Desde então, ele arquivou ainda processos contra os senadores Gleisi Hoffmann (PT-PR), José Medeiros (PSD-MT), Randolfe Rodrigues (Rede-AP), Fernando Collor de Mello (PTC-AL), Álvaro Dias (PSDB-SP) e João Capiberibe (PSB-AP). Além do ex-senador Delcídio Amaral (ex-PT-MS) e de outros processos em que Aécio foi alvo.

Neste mesmo período, Souza só aprovou a admissibilidade de outra representação contra Delcídio, que acabou resultando na sua cassação, e em uma representação contra Randolfe, que foi posteriormente arquivada pelo colegiado.

O presidente do Conselho tem um mandato de dois anos e cabe a ele avaliar a admissibilidade de representações e denúncias feitas contra senadores. Souza é conhecido por encomendar relatórios aos técnicos de acordo com os seus posicionamentos. A eleição para o cargo é feita em acordo entre os líderes partidários e o presidente da Casa.

Ele já ocupou o postos outras três vezes. Coube a ele arquivar processos em 2010 e 2011, na época do escândalo dos atos secretos, em que medidas administrativas tomadas pelo Senado não eram publicadas oficialmente.

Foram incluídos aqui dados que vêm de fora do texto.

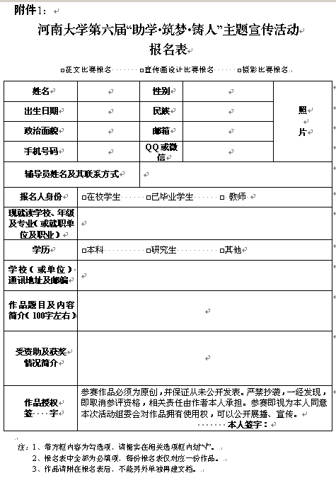 1.第六届“助学·筑梦·铸人”主题征文系列活动报名表
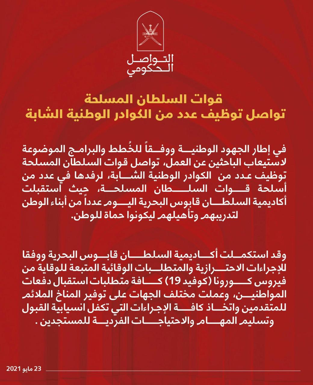 قوات السلطان المسلحة تواصل توظيف عدد من الكوادر الوطنية الشابة
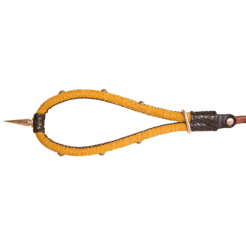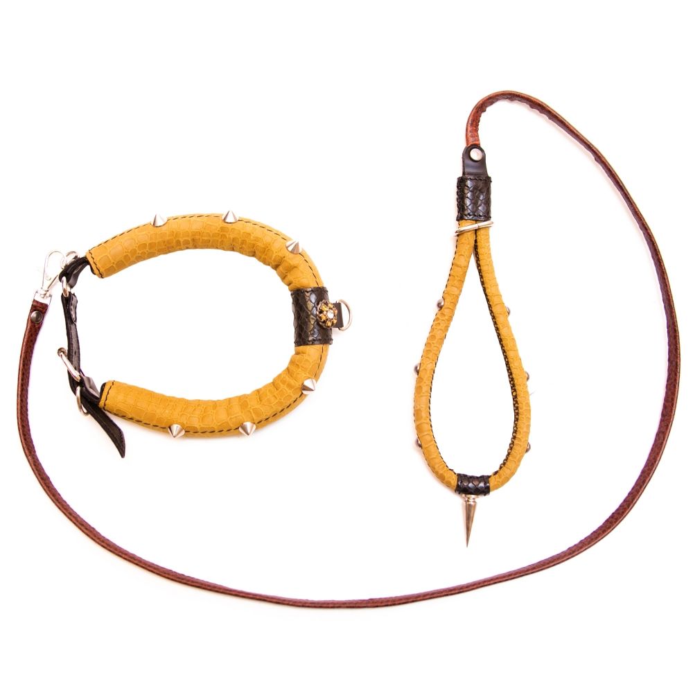Поклонникам ролевых интимных игр придется по вкусу желтый кожаный ошейник с цепочкой-поводком. Ремешок украшен металлическими шипами и стразами в виде цветочка. Ошейник пристегивается к поводку за небольшой карабин. Изделие прекрасно подойдет для БДСМ развлечений и позволит реализовать самые нескромные сексуальные фантазии.
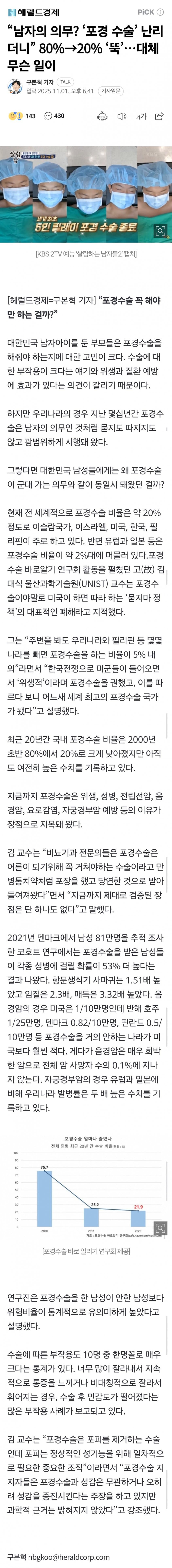 위생 이런문제도 있지만 포경수술은 기본적으로 병을 치료하는거임 포피부분이 꽉물려서 소변도못보고 발기도 제한되는 상태가 있음 이걸 포경이라고하고 이걸 미리 하는건 예방적 조치라고도 할수있지 80%나 할필요는없지만 너무 포경수술이라는 단어자체를 반대하진마라 꽤 높은비율로 존재하니까
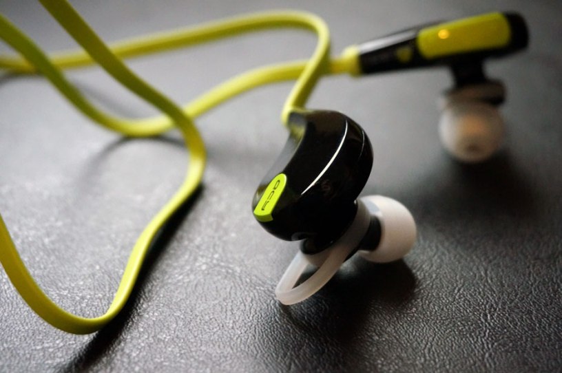 For the most part, this headset fits into my ears well. There are three different size eartips — small, medium and large. They are not uncomfortable, but I found that it took some time getting used to the 22” long cord rubbing at the back of my neck. There’s a little clip you can put on the cord to tighten up and shorten the distance between the two ear pieces, and I found this helped keep it from flopping to one side. Personally, I would have liked a shorter cord, but the clip does a decent job of shortening it.
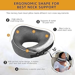 【 100% Memory Foam 】- Take pleasure in using our Y-shaped high-quality memory foam neck pillow; It is firmer than microbeads and inflatables, as memory foam has its density all worked out; Memory foam travel pillows are usually compressible and can fit into smaller travel bags for convenience;The luxurious memory foam filler uses the 5-second return technology
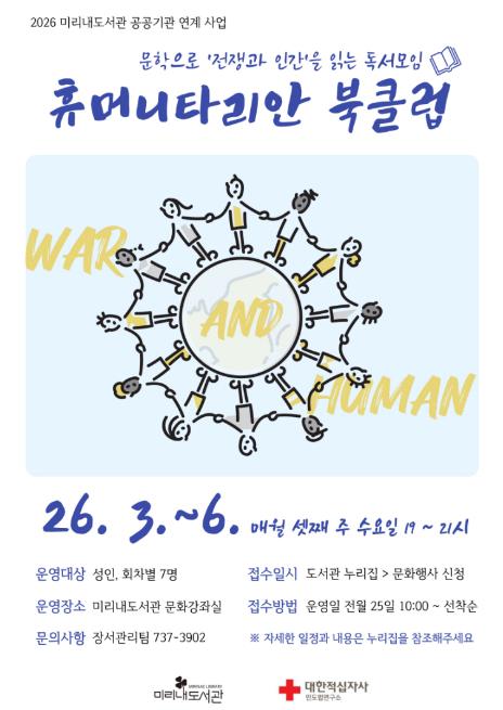 ‘전쟁과 인간’을 주제로 3월부터 6월까지, 매월 셋째 주 수요일 오후 7시부터 2시간 동안 운영될 예정이다. 프로그램은 선정 도서를 사전에 읽은 뒤 질문지를 바탕으로 토론하는 방식으로 진행된다.

João Alberto Souza é economista nascido em Bacabal (MA) em 1935. Ele foi deputado estadual pela Arena, PDS e PMDB. Foi eleito vice-governador do Maranhão, na chapa de Epitácio Cafeteira, em 1986. Em 1990, assumiu o governo do estado quando Cafeteira deixou o cargo para se candidatar ao Senado.

Em abril de 2009, Souza se tornou vice-governador de Roseana Sarney, que assumiu o cargo após a cassação de Jackson Lago, determinada pelo Tribunal Superior Eleitoral (TSE).